Cleaning up big data

This study discusses methods of data cleaning and assesses the impact of strict cleaning schemes on performance of species distribution models.

Data resources used via GBIF : 1,041,941 occurrence records
Numbat (Myrmecobius fasciatus)

Numbat (Myrmecobius fasciatus) via iNaturalist. Photo by r_o_b27 licensed under CC BY-NC 4.0.

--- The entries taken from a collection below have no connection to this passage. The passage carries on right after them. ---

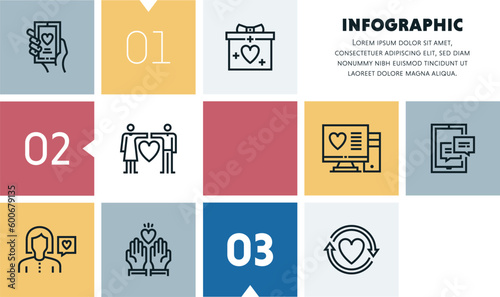 Love and life cycle management infographic design with icons, made by thin line style with editable strokes.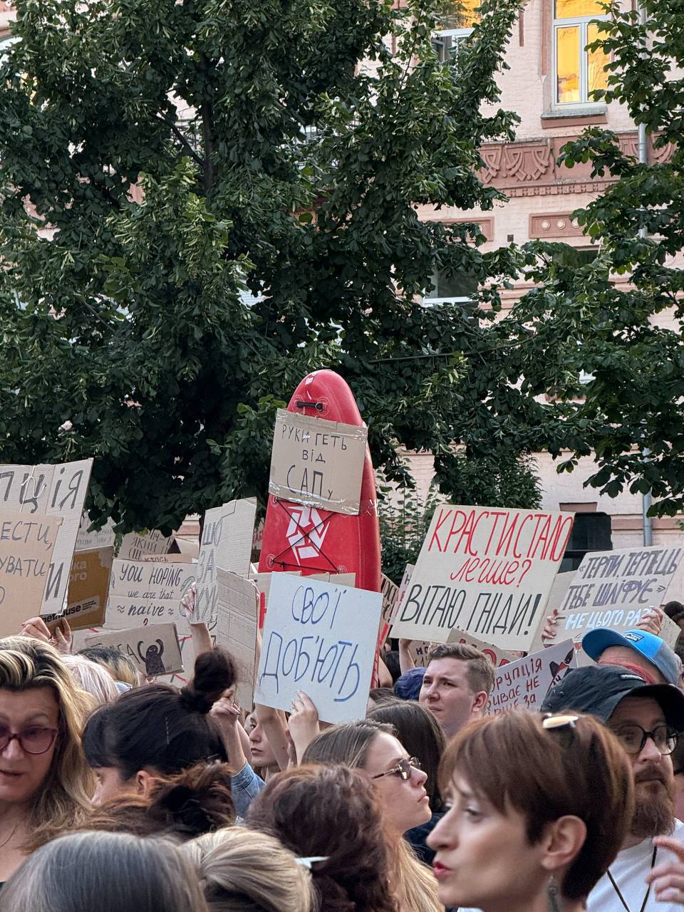 Тут дело совсем в другом. Насчёт коррупционных законов по НАБУ и САП – это была совместная операция фсб и ларёчника дерьмака (папка служил/служит в гру). Дело в том, что на просторах инета мне попалась заметка о том, что в августе должны были состояться слушания в ЕС о подготовке Украины к приёму в ЕС. Наши истинные друзья европейцы приложили к этому немало сил, чтобы обойти венгрию и словению, и чтобы их голоса не повлияли на решающий выбор. А тут подсуетились “мацковские воші і наші гніди”! Это я к тому, что может сделать пара сильных, хотя и недалёких, кротов под крышей полного идиота. Т.е. “кривая рожа” вместе с “торчком” провернула этот беспредел с целью – не дать Украине войти в ЕС. А на вооружение и Украину им вообще наплевать! Эти открытые агенты кремля всё делают, чтобы сорвать любые серьёзные соглашения. И молодёжь опять вышла на улицы. Замечательная всё-таки у нас молодёжь. Патриотичная, умная, смелая! Коллеги, а вспоминайте, что майдан всегда начинался со студенческих бунтов, а заканчивался оччень плохо для лидоров, которые не оправдали надежд избирателей. Хотя, кто их выбирал? Безмозглые идиоты. Поэтому, я думаю, что это будет началом конца этой ZE-банды. Молодёжь уже не отстанет, а потом подтянутся и серьёзные большие дядьки. Будут жечь шины и стучать в бочки и выкрикивать замечательные кричалки типпо “зелю геть”! “зелю с дерьмаком на нары на пожизненно”! “дерьмака с зелей на ….”! Сегодня, кстати, такой плакатик был.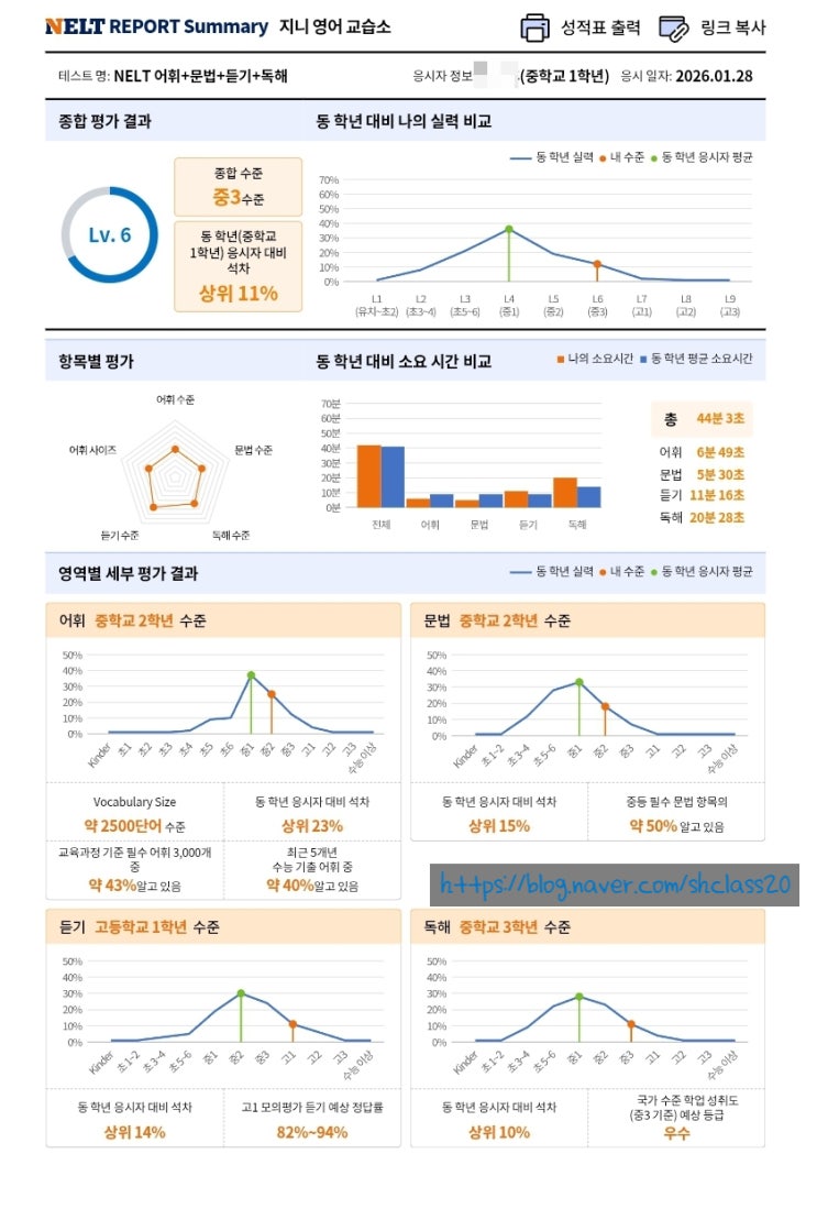 2025년 하반기 NELT를 시행하였습니다. 학생들은 평소에 갈고 닦은 실력을 확인해 보는 시간. 지니샘은 테스트 결과에 따라 커리큘럼을 수정, 보완해 보는 시간. 그 결과를 기록해 봅니다. 2등급 (전국 상위 5~11%) 3등급 ( 전국 상위 12 ~ 23%) 1년의 성장 2단계 이상 상승 : outstanding progress ◆ 영역: 종합 ◆ 영역: 어휘 ◆ 영역: 독해 ◆ 영역: 문법 ◆ 영역: 듣기 1년의 성장 파닉스 ~ Seed, Bud 클래스 까지 6개월의 성장 종합 영역 1단계 상승 : Progress 6개월의 성장 영역별 2단계 상승 : Outstanding Progress 각자의 보폭으로 한 걸음씩 성장하는 지니 영어 교습소 학생들의 2025년 성장 기록이었습니다. <img src="https://blogthumb.pstatic.net/MjAyNjAyMTRfMjMz/MDAxNzcxMDU0MTQyMTg1.RLJiO0r0VOPODbu-nW8IIWYEh402cbwnixSNIqpKswQg.PB5FXLjov8OJIfllKqKp7KjIemClPdf0KHmCaEJgq44g.JPEG/JH_26.jpg?type=s3" />

Researchers frequently combine downloads from the more than 700 million occurrence records in the GBIF network with environmental data to model distributions of species or higher level taxa. An initial step in the process often involves data cleaning to ensure the quality of the models, however, what effect do such cleaning procedures have on model performance? In this paper, researchers used one million records of Australian mammals to compare model performance before and after strict data cleaning, during which they removed among others entries with coordinates with less than 3 decimal digits and entries recorded before 1990, effectively reducing the number of records to half. The massive reduction in records significantly improved the performance of the models across all spatial scales and measurements, as both gain measures and AUC increased, most prominently for small mammals. This paper demonstrates an example of quality control and data cleaning in a world of big data.


Gueta T and Carmel Y (2016) Quantifying the value of user-level data cleaning for big data: A case study using mammal distribution models. Ecological Informatics. Elsevier BV 34: 139–145. Available at doi:10.1016/j.ecoinf.2016.06.001.